(Information given):

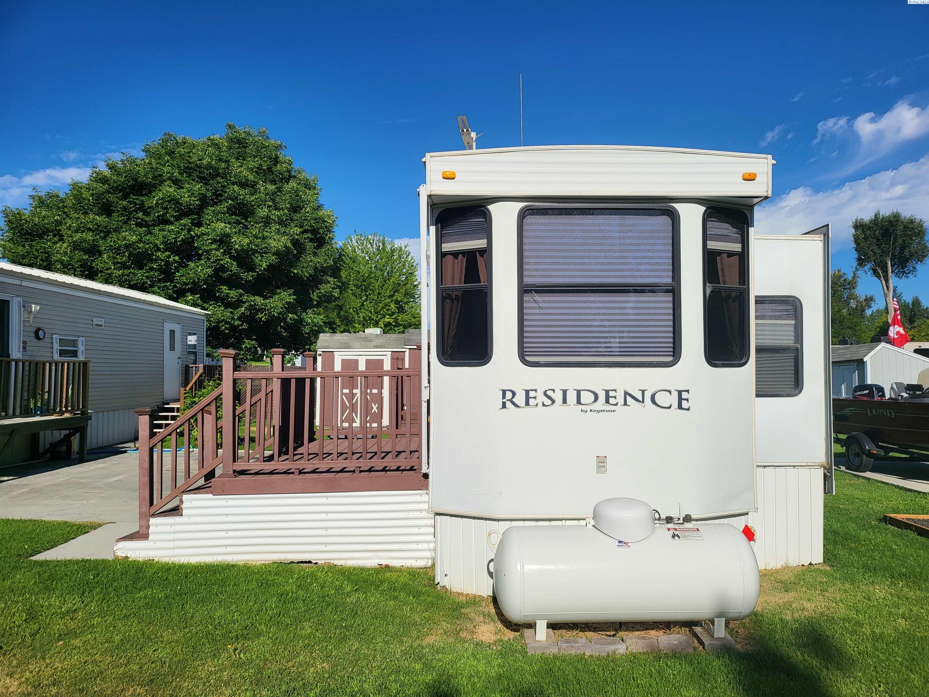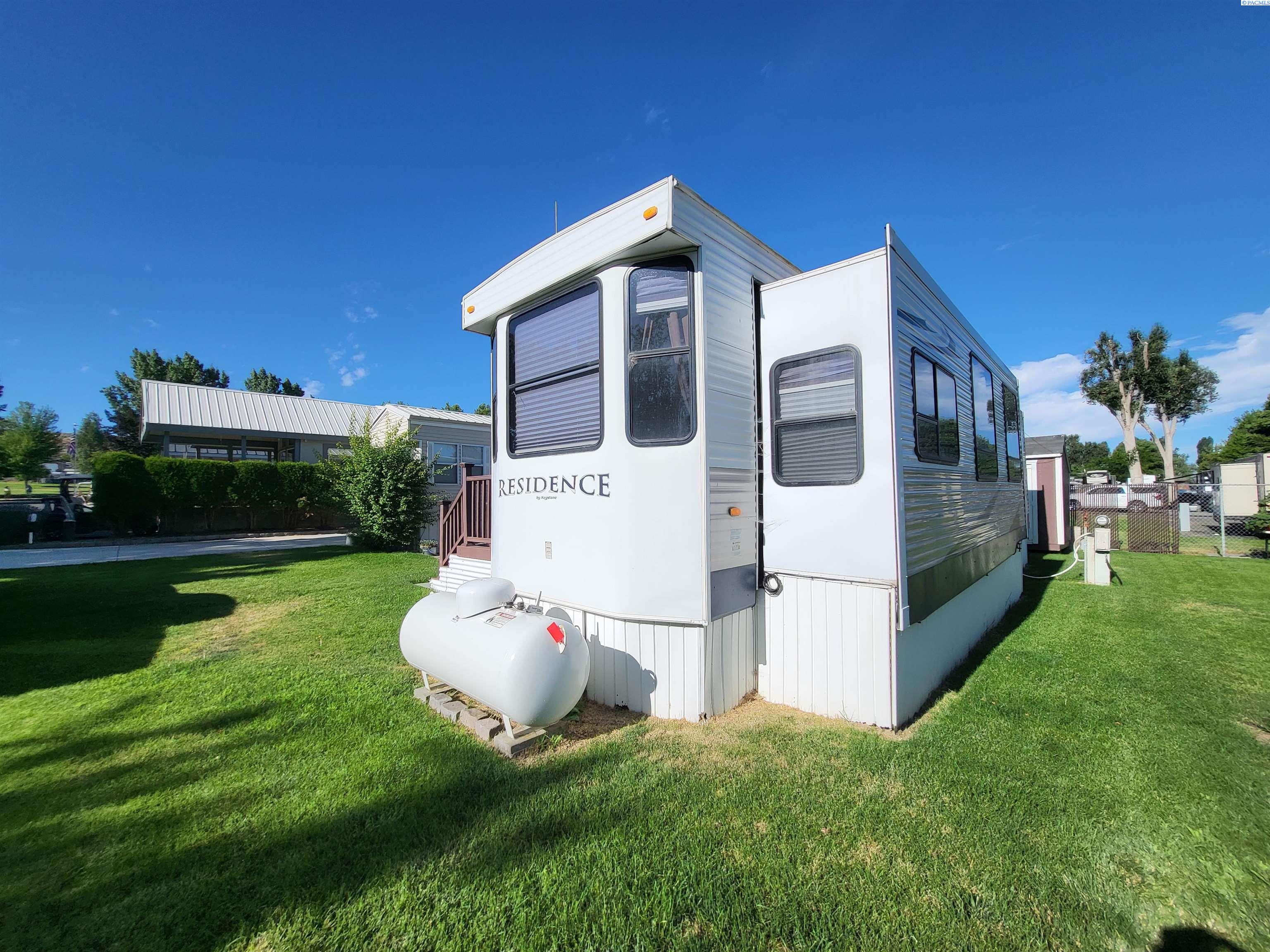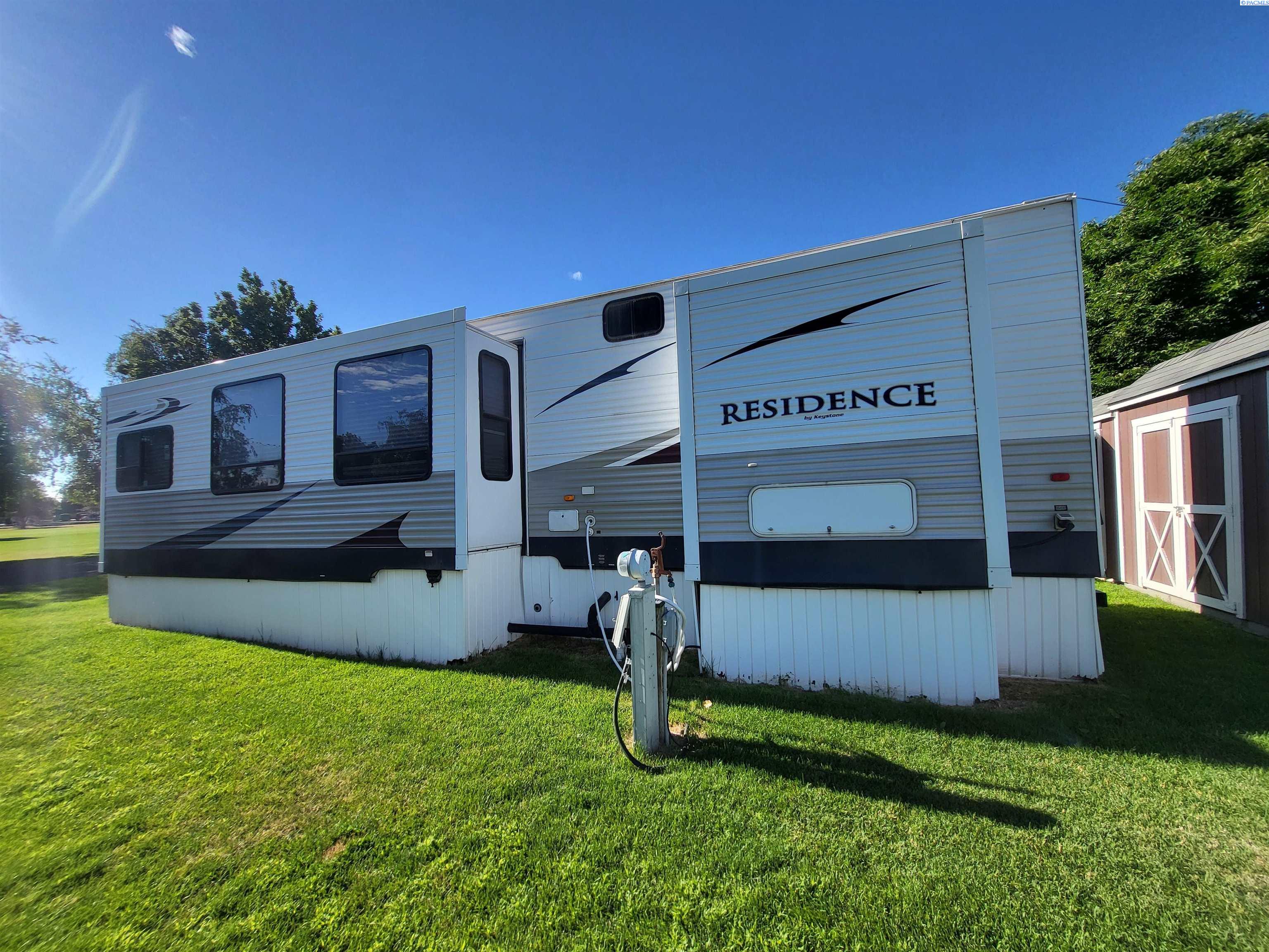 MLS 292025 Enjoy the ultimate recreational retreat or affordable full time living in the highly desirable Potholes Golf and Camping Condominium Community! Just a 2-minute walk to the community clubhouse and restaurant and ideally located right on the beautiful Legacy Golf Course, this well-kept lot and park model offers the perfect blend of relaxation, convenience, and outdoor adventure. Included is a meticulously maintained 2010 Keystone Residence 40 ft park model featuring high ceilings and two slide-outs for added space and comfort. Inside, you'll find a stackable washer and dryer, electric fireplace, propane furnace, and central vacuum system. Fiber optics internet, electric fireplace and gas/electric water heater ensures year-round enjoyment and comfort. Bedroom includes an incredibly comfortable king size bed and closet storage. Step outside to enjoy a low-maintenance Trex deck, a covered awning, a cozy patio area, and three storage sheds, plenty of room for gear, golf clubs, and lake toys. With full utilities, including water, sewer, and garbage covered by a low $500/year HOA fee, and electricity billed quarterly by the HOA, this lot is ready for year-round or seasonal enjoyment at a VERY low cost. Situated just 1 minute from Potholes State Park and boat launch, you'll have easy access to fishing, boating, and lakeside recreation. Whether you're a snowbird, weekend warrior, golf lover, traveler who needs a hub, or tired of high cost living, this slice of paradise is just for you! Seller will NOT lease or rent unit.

---

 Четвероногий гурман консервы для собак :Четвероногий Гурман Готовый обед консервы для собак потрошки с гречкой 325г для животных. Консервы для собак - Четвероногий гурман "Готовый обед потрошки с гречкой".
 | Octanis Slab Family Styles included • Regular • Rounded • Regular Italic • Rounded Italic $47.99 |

==

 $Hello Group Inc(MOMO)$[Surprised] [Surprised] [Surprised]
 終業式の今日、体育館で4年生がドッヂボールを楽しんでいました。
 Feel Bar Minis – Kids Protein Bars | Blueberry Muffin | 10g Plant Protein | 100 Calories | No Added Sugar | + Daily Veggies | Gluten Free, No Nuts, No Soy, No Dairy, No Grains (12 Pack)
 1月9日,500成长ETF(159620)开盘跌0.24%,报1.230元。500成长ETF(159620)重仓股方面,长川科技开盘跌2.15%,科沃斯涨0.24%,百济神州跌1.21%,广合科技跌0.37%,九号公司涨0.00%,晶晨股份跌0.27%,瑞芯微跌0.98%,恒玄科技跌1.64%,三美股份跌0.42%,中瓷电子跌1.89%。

(Your objective):
Out of the data above, transcribe exactly and only the lines starting with the line that has "Feel Bar Minis" and going on through the line that has "1月9日,500成长ETF(159620", both included.

(Written answer):
 Feel Bar Minis – Kids Protein Bars | Blueberry Muffin | 10g Plant Protein | 100 Calories | No Added Sugar | + Daily Veggies | Gluten Free, No Nuts, No Soy, No Dairy, No Grains (12 Pack)
 1月9日,500成长ETF(159620)开盘跌0.24%,报1.230元。500成长ETF(159620)重仓股方面,长川科技开盘跌2.15%,科沃斯涨0.24%,百济神州跌1.21%,广合科技跌0.37%,九号公司涨0.00%,晶晨股份跌0.27%,瑞芯微跌0.98%,恒玄科技跌1.64%,三美股份跌0.42%,中瓷电子跌1.89%。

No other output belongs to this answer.